Could you set down exactly the lines of the data below, starting at the one that holds "Lyxvilla med pool" and ending at the one that holds "Sparkly Ball Gown", both included, and only those?

> _DATASET RECORDS_
+===+

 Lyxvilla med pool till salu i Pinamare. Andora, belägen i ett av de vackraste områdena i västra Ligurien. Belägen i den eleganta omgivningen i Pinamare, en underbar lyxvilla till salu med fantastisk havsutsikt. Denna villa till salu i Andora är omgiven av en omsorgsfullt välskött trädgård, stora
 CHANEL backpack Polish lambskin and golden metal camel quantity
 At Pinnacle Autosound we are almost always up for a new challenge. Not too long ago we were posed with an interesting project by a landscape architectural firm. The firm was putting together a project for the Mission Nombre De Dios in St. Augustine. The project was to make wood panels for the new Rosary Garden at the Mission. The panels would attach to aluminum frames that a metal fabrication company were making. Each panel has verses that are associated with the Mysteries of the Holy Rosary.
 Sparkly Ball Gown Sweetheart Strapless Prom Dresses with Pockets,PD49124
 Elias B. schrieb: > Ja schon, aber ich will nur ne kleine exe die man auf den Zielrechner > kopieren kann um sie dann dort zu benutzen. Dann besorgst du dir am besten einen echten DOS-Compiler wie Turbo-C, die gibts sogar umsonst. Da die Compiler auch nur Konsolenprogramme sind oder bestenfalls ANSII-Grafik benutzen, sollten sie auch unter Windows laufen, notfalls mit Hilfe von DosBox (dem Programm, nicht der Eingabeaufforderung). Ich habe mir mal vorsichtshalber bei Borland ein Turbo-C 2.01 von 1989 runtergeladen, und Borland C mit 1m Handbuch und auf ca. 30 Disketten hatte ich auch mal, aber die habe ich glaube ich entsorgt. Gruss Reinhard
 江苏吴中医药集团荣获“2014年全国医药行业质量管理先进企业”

+===+

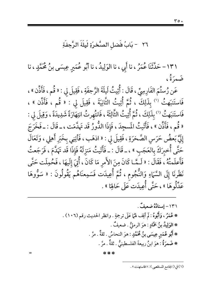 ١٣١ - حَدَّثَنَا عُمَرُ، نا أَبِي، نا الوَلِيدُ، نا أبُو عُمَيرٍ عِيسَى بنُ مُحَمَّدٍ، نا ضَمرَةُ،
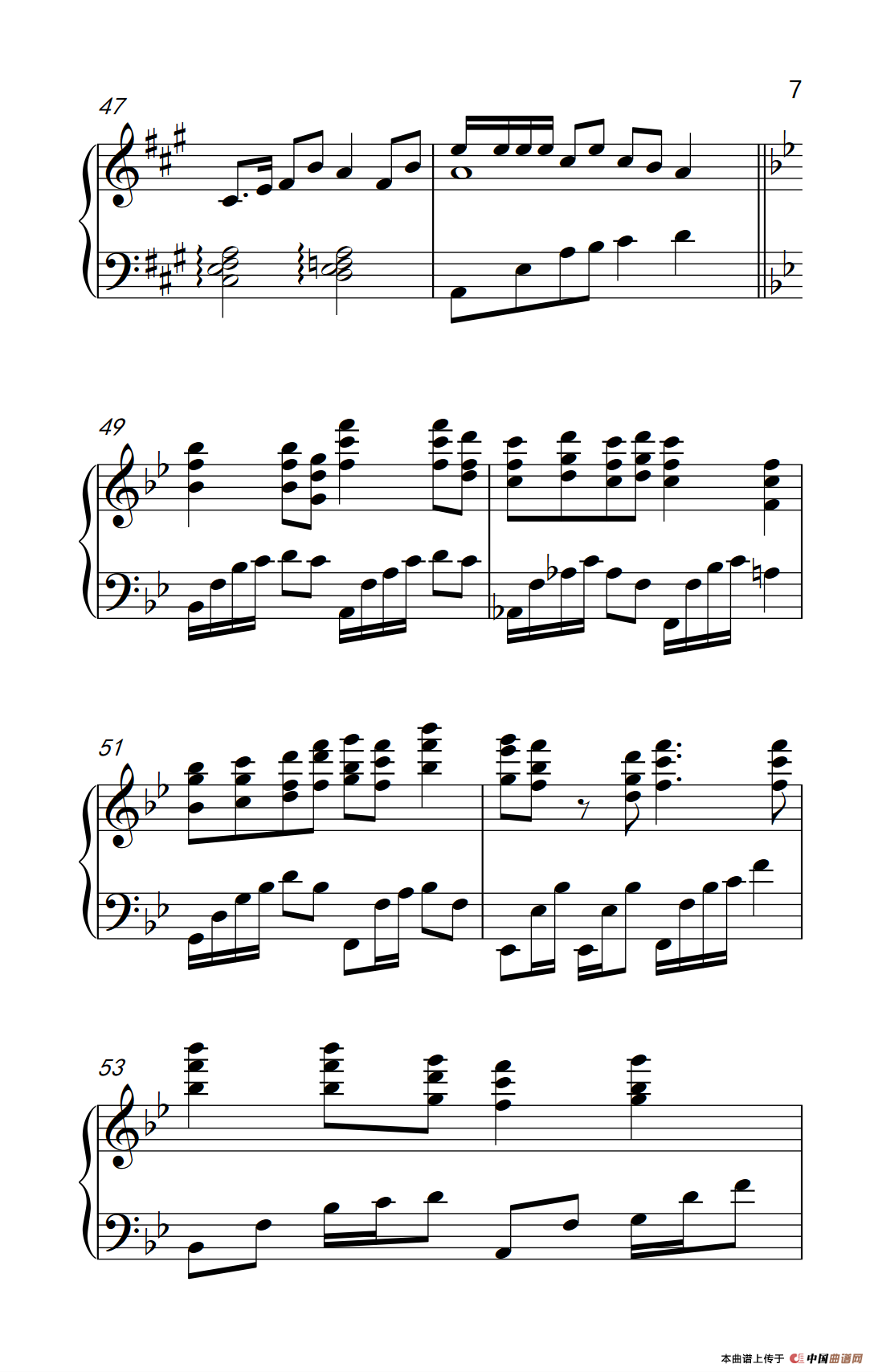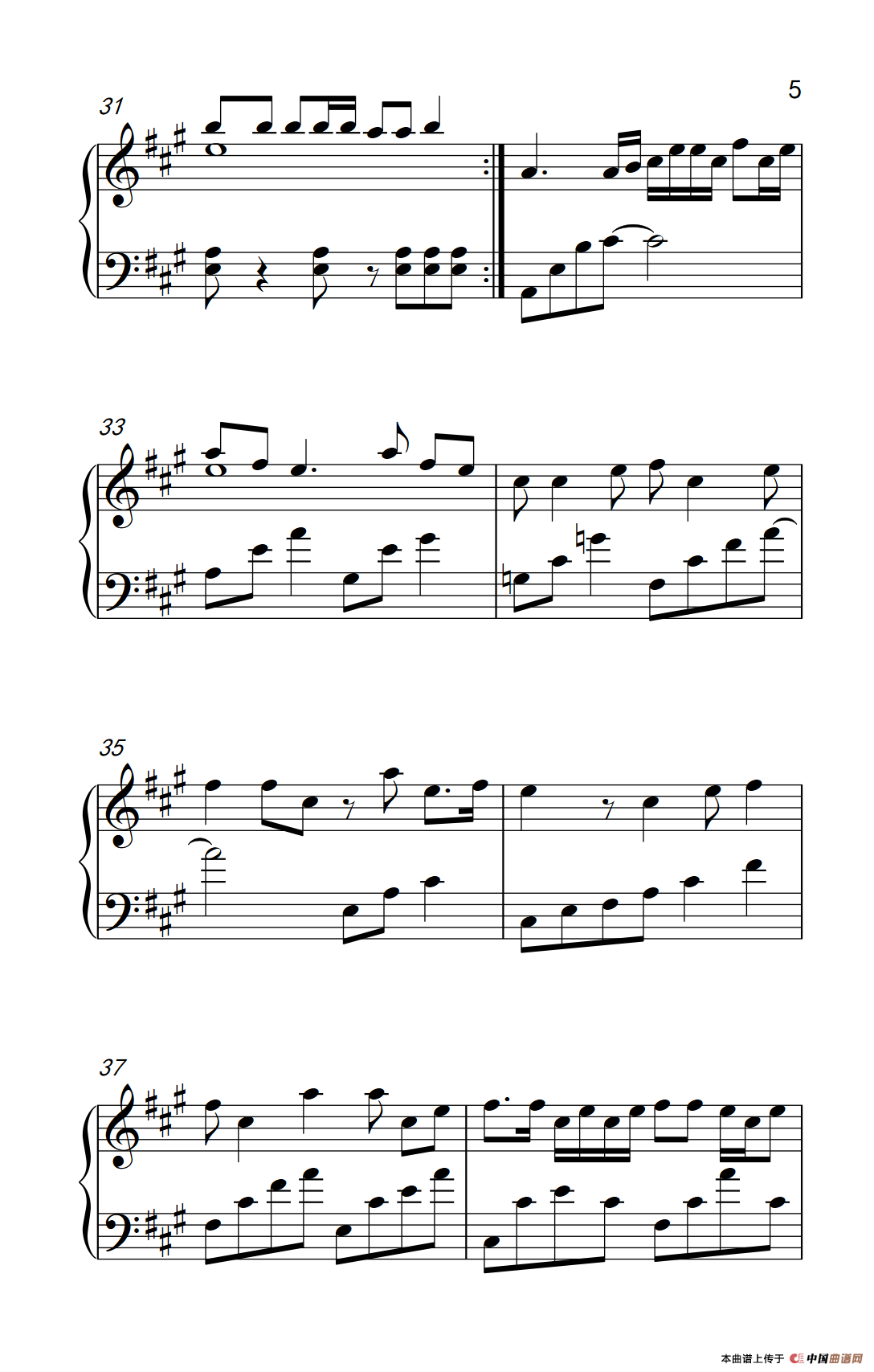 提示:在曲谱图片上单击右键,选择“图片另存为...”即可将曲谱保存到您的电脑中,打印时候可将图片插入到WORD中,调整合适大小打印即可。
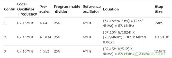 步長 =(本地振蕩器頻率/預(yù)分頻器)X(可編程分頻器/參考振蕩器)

+===+

> _EXERCISE OUTPUT_
 Lyxvilla med pool till salu i Pinamare. Andora, belägen i ett av de vackraste områdena i västra Ligurien. Belägen i den eleganta omgivningen i Pinamare, en underbar lyxvilla till salu med fantastisk havsutsikt. Denna villa till salu i Andora är omgiven av en omsorgsfullt välskött trädgård, stora
 CHANEL backpack Polish lambskin and golden metal camel quantity
 At Pinnacle Autosound we are almost always up for a new challenge. Not too long ago we were posed with an interesting project by a landscape architectural firm. The firm was putting together a project for the Mission Nombre De Dios in St. Augustine. The project was to make wood panels for the new Rosary Garden at the Mission. The panels would attach to aluminum frames that a metal fabrication company were making. Each panel has verses that are associated with the Mysteries of the Holy Rosary.
 Sparkly Ball Gown Sweetheart Strapless Prom Dresses with Pockets,PD49124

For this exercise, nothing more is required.